Mróz u mnie jak chyba wszędzie – nad ranem minus dwadzieścia pięć stopni. Sporo. Ale któregoś dnia sam się zdziwiłem – wyszedłem na podwórko, nawiozłem taczką trochę drewna do piwnicy i pomyślałem sobie: „Jakoś tak dzisiaj ciepło”. Wróciłem do domu i spojrzałem na termometr – było jakieś minus siedem. Chyba więc się już do zimowej aury przyzwyczajam. Powyżej minus pięciu jest już całkiem ciepło.

Ale nie sądzę, żebym doszedł do takiego stanu przyzwyczajenia, o jakim czytałem niedawno. (W ogóle zima sprzyja lekturze – jest jakoś więcej czasu, a ponieważ brak telewizora uwalnia mnie od teleturniejów i tym podobnych, mogę sobie poczytać.) Książka jest autorstwa Jacka Hugo-Badera i ma tytuł „Biała gorączka”. Ogólnie jest o niedawnej podróży przez Syberię, ale dość nietypowej. Otóż autor „zwiedza” syberyjskie rejony samochodem typu UAZ – sam takim jeździłem przez pierwszych kilka lat pracy w lesie, więc wiele z opisywanych przez niego „narowów” tej radzieckiej produkcji terenówki jest mi dobrze znanych. Gość się do podróży w warunkach syberyjskiej zimy solidnie przygotował. Samochód kupił w Moskwie i w miejscowym warsztacie dostosował go do podróży, słuchając wartych złote góry rad mechanika, który UAZ-a był w stanie rozłożyć i złożyć z zamkniętymi oczami. Woził ze sobą drewno, żeby w razie czego móc rozpalić ognisko pod miską olejową, miał zestaw najbardziej awaryjnych części, a większość instalacji (elektryka, rozruch) została tak poprowadzona, że oprócz wersji podstawowej była również zapasowa a czasami i jeszcze jedna awaryjna. Zuch!
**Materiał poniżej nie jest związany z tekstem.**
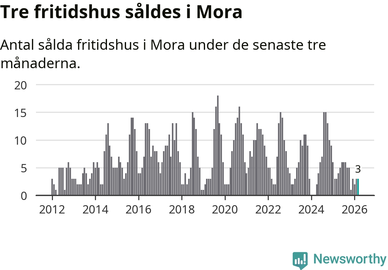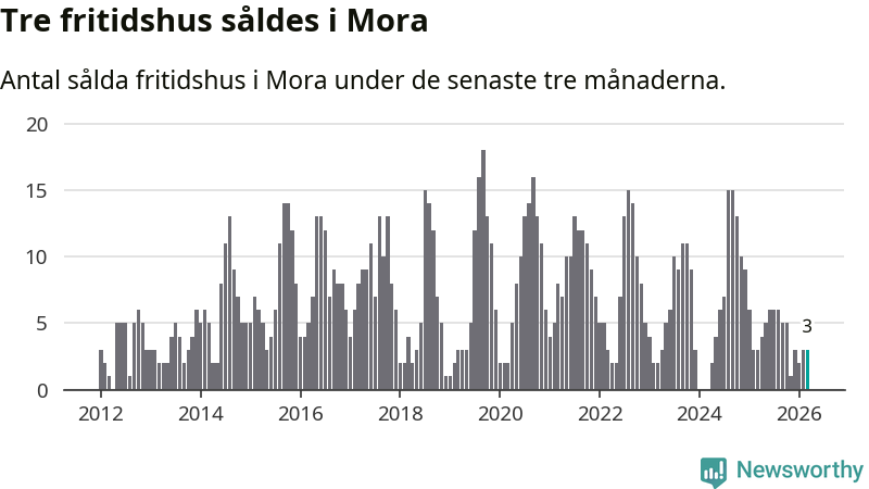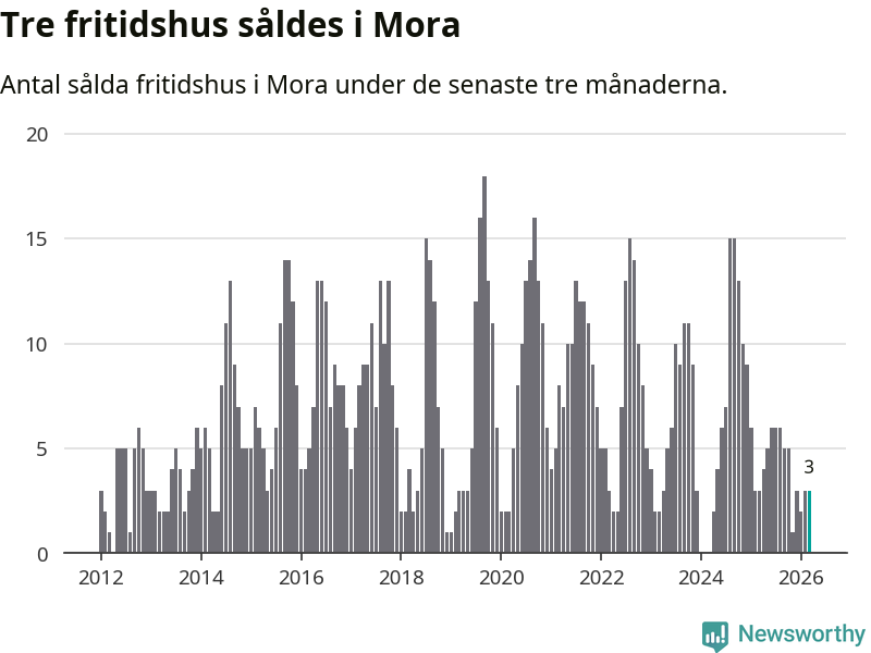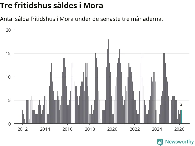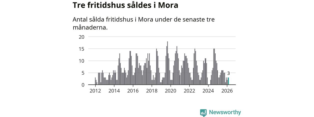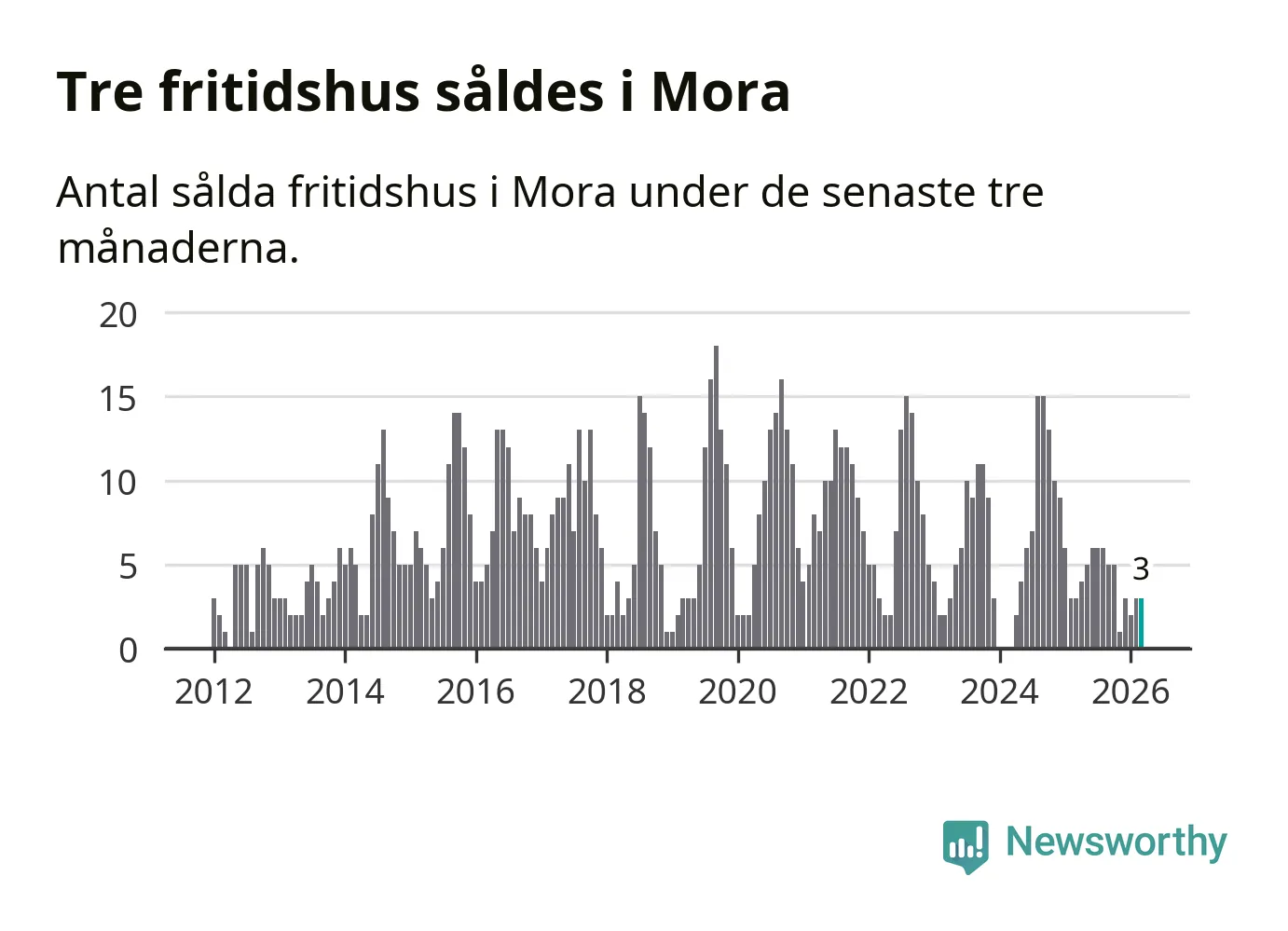 Mellan januari och mars gjordes sammanlagt tre affärer med fritidshus i Mora kommun. Det är lika många affärer som vid motsvarande tid i fjol.
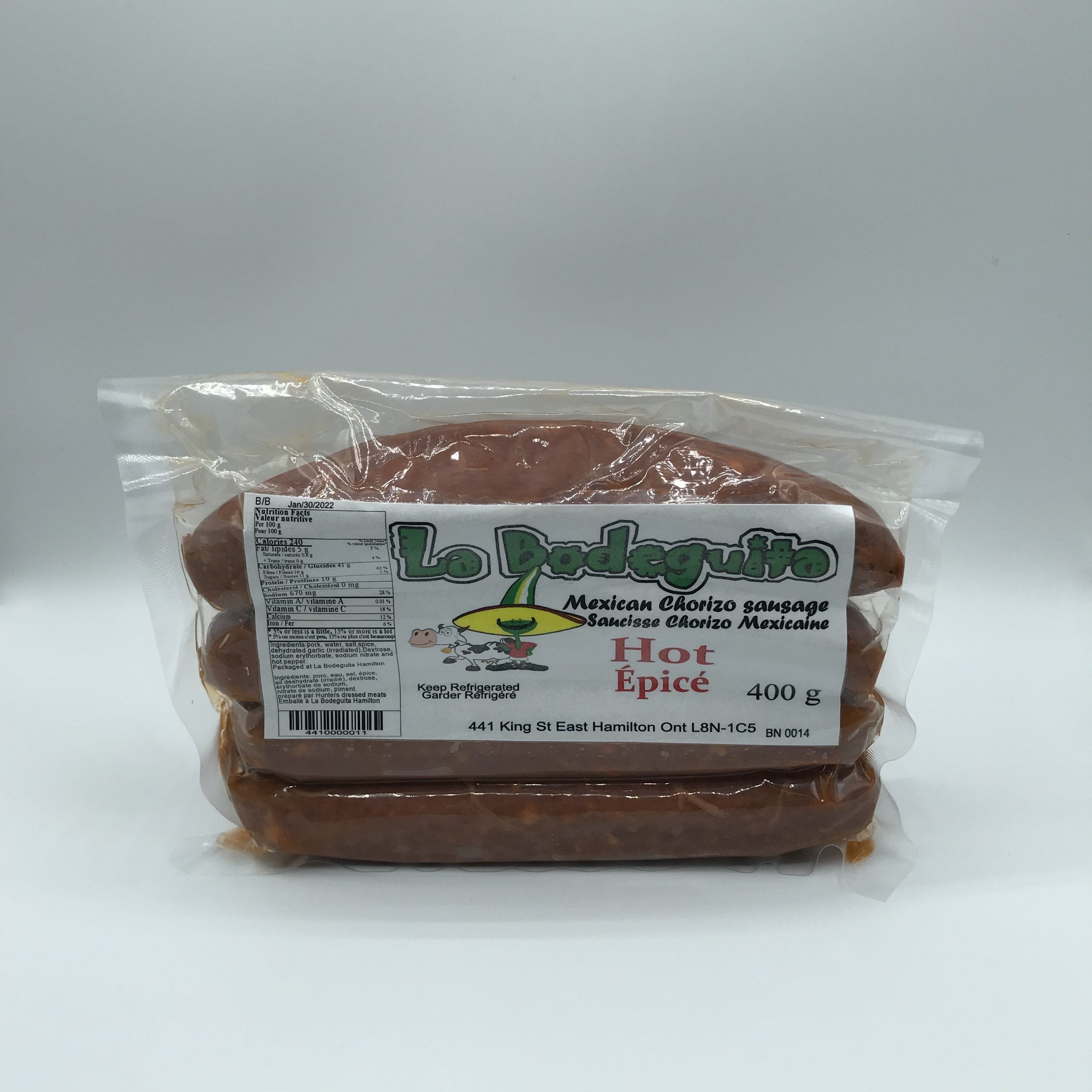 La Bodeguita Mexican chorizo hot 400 gr. Category: Food & Grocery. Package size: 400 gr.

Ale miała być anegdotka o mrozie. Otóż dojeżdża nasz bohater do jakiegoś miasta gdzieś daleko na Syberii, gdzie zwykle zimą temperatury sięgają minus czterdziestu stopni. Jest wyjątkowo pogodny i ciepły dzień, minus dwadzieścia. Odwiedza znajomych. Okazuje się, że ponieważ jest tak ciepło, nie palą oni dzisiaj w piecu, a kilkumiesięcznego niemowlaka wystawiają przed dom, żeby trochę pooddychał świeżym powietrzem …

Więc ja nie doszedłem jeszcze do fazy, że przy odczuwanej przeze mnie chwilowo jako „ciepłej” temperaturze minus pięć nie palę w piecu. Ale kto wie – jeszcze kilka miesięcy takiej zimy …

P.S. Książkę polecam. Chciałem nawet zeskanować okładkę, ale okazuje się, że w międzyczasie komuś już tę literaturę pożyczyłem (na szczęście pamiętam komu). Zadziwia mnie również w tej lekturze jedna rzecz – niezmienność pewnych kwestii w rosyjskiej rzeczywistości od stuleci. To samo pisze o niektórych sprawach markiz de Custine w roku 1839 („Listy z Rosji”), to samo A.F. Ossendowski w latach 1920-25, to samo Hugo-Bader w latach 2006-08. Prawie dwieście lat.